THE CINEMA
4, Let George Do It." At the Empire.---.. His Girl Friday." At the Regal.
GEORGE FORMBY might well be described as the English Fernandel. Both in mood and in size of mouth the two stars have much in common, while the audience's reactions to their buffoonery, both in the France we knew and tht England we know, have always had that same sense of warm family humour. Formby, of course, comes from the provincial music-hall, a place which one may Well be pardoned for suggesting as one of the true sanctuaries of the English comic genius. His translation to terms of the screen has not been unattended with difficulties,
for, in his early films, the music-hall atmosphere was not properly adapted to the tempo of film, and, conversely, in later efforts his producer failed to give him suitable opportunities to change front while retaining the old personal magnetism of his sublime father. Now, however, he has as director Marcel Varnel (the genius behind the Will Hay comedies), and the deft touches of this ingenious director fill in a living background to Formby's immense, ingenuous, and altogether entrancing personality.
It will be understood that to achieve a premiere at the Empire is not necessarily a sign of success for a Formby picture; real
welcome awaits it elsewhere, in suburbs and provincial towns. But it would be a curmudgeonly sort of citizen—even in the boiled shirt district—who did not warm to Let George Do It.
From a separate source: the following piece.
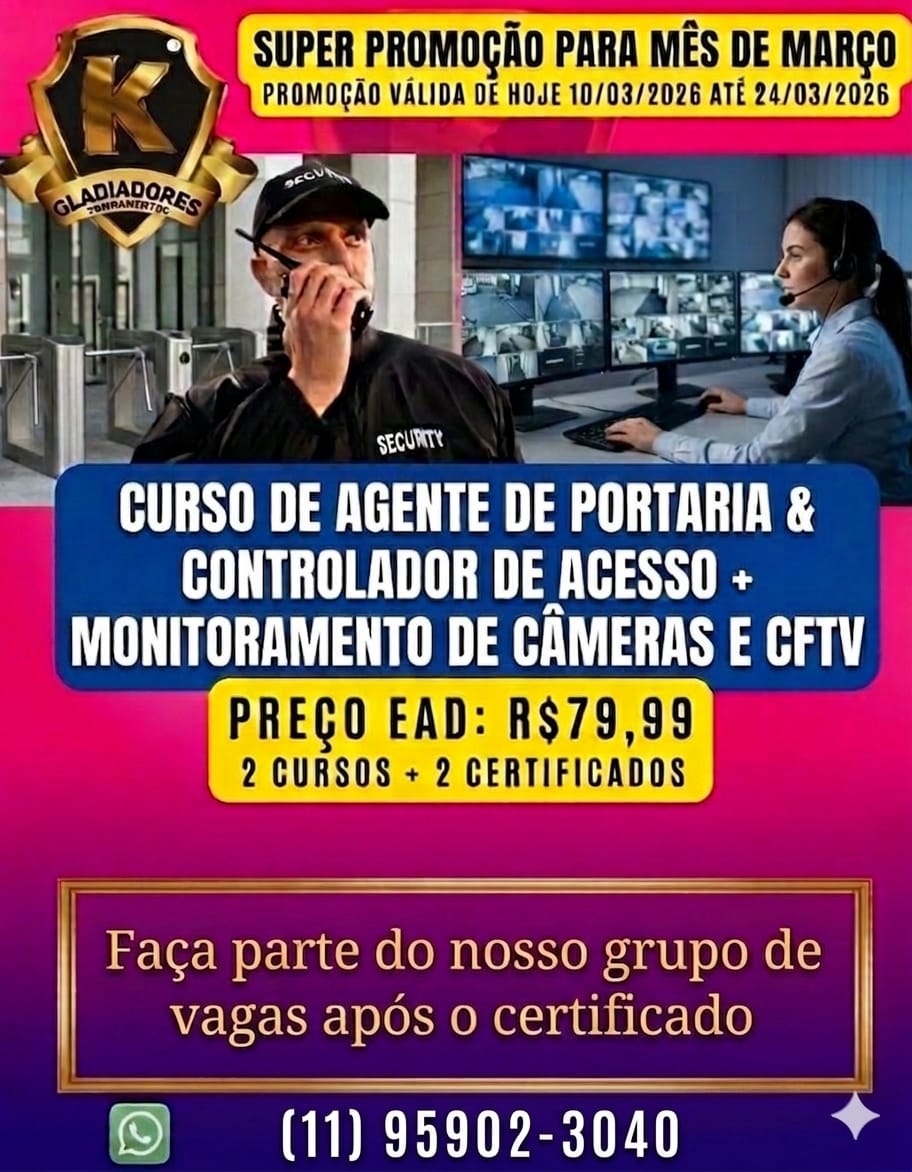 Formação completa para quem deseja atuar na linha de frente da segurança patrimonial, sendo responsável pelo controle de entrada e saída de pessoas, veículos e materiais.
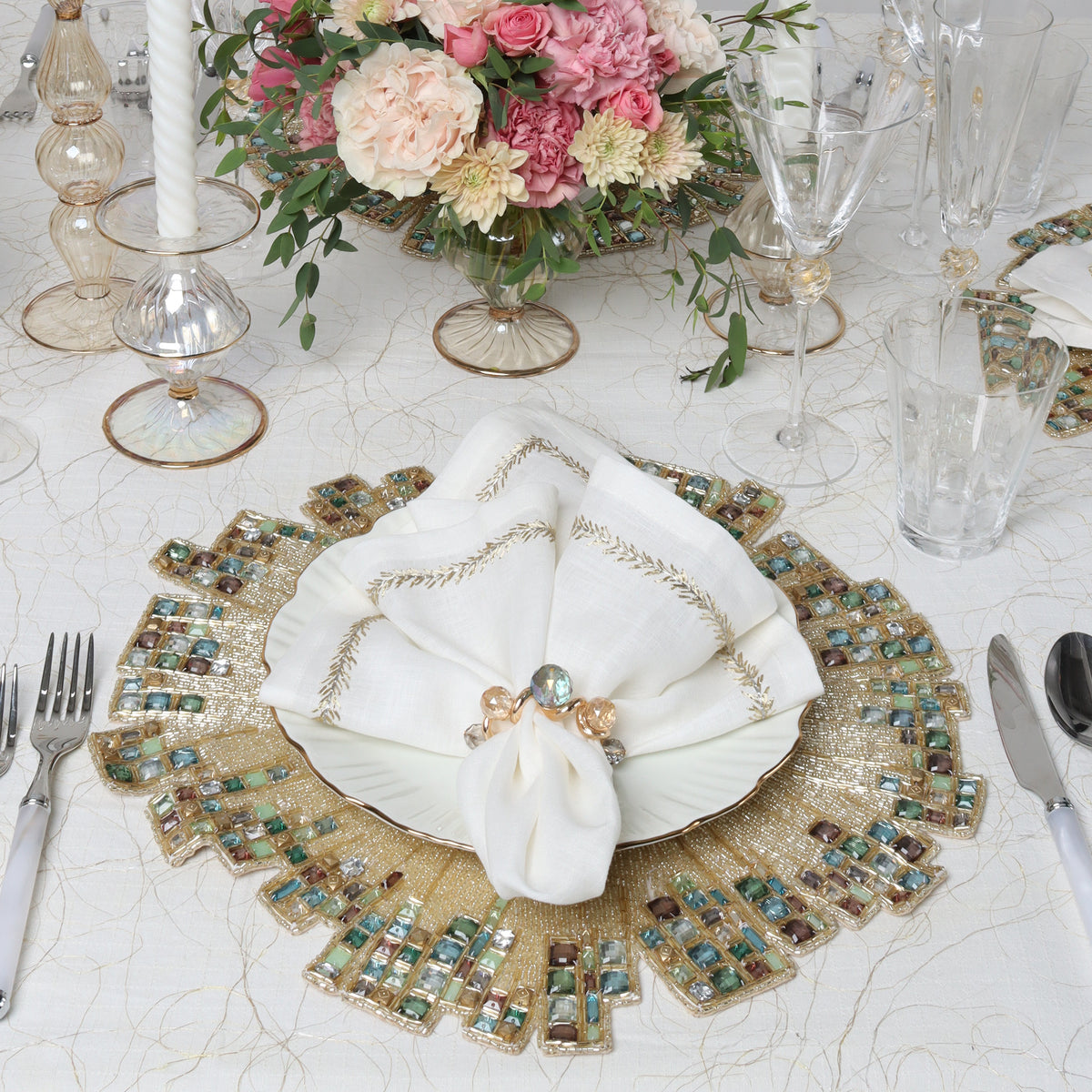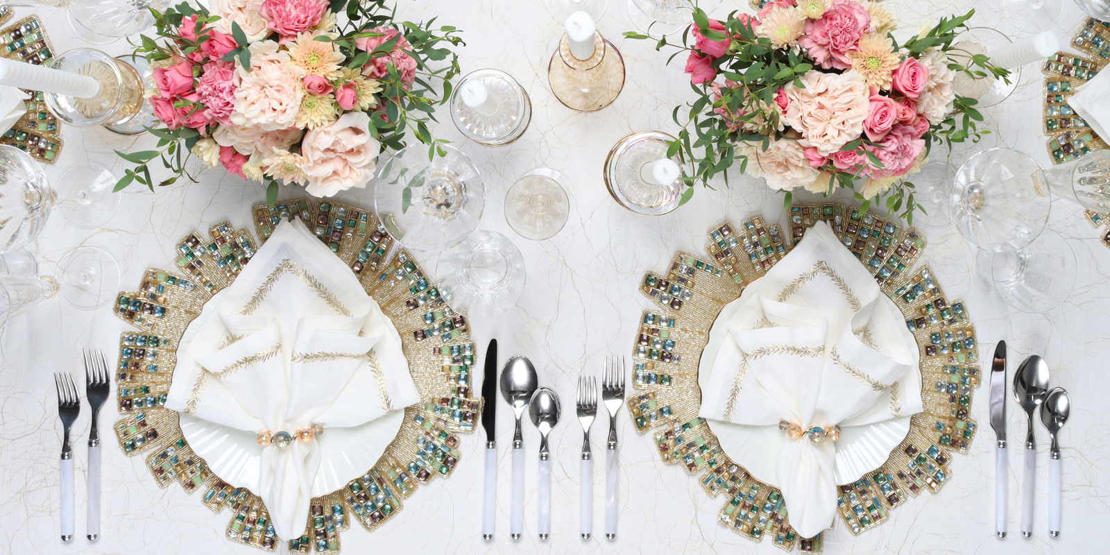 Make us the go-to for all the dining decor a bride will need for her wedding reception tables, bridal shower, or rehearsal dinner. Find luxurious beaded placemats, gold chargers, napkin rings, linen napkins, table runners, and glassware sure to fit any bride's style, from modern to traditional.

It is the age-old formula—the local lad who makes good in the way most of us would like to make good, that is by achieving the impossible both in adventure and in love. But the making- good of a Formby is not the making-good of a Hollywood comedian ; the whole action is deliberately transposed into realms of a specially English phantasy (English indeed, for the Scots have it not). This phantasy is in the first place vulgar, in the ' French or Fernandel sense secondly, it is entirely lacking in probability ; and thirdly, it makes little distinction. between what one may define as the possible and the impossible improbabilities. Note, for instance, the fact that Formby's surrealist dream about the capture of Hitler, by means of a barrage balloon and a rope, really differs in no wise from his escape from a U-boat by being fired from a torpedo-tube. Yet in the film the one is a dream and the other a concrete part of the plot.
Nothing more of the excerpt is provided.